→ **DIRECTIONS FOR THIS TASK**:
Give the data again exactly, without images.

====== INFORMATION SUPPLIED

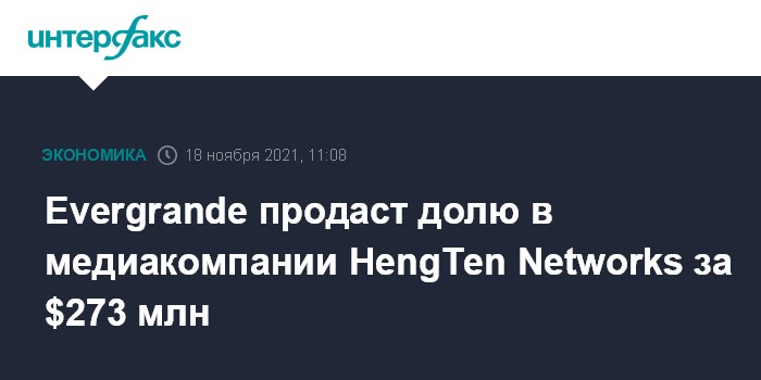 Москва. 18 ноября. INTERFAX.RU - Один из крупнейших китайских застройщиков China Evergrande Group, столкнувшийся с серьезными долговыми проблемами, продаст принадлежащую ему долю в медиакомпании HengTen Networks Group Ltd. за 2,13 млрд гонконгских долларов ($273 млн).
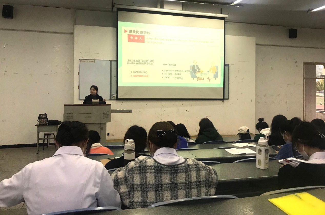 为提高同学们对老年照护职业的认知,了解中国老龄化社会的现状,3044永利集团于3月31日在青年路图阶101举行“老年照护职业能力发展规划”讲座。由3044永利集团任冬梅老师主讲,40余名同学参加。
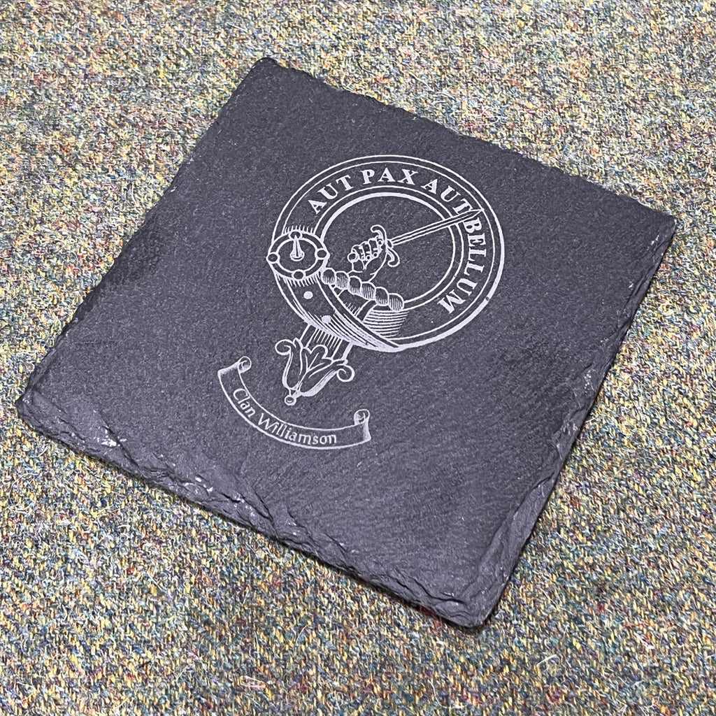 Real slate coaster with clan crest engraved on the surface - any clan. discounts for packs of 4.

============

→ **ANSWER TO THIS EXERCISE**:
 Москва. 18 ноября. INTERFAX.RU - Один из крупнейших китайских застройщиков China Evergrande Group, столкнувшийся с серьезными долговыми проблемами, продаст принадлежащую ему долю в медиакомпании HengTen Networks Group Ltd. за 2,13 млрд гонконгских долларов ($273 млн).
 为提高同学们对老年照护职业的认知,了解中国老龄化社会的现状,3044永利集团于3月31日在青年路图阶101举行“老年照护职业能力发展规划”讲座。由3044永利集团任冬梅老师主讲,40余名同学参加。
 Real slate coaster with clan crest engraved on the surface - any clan. discounts for packs of 4.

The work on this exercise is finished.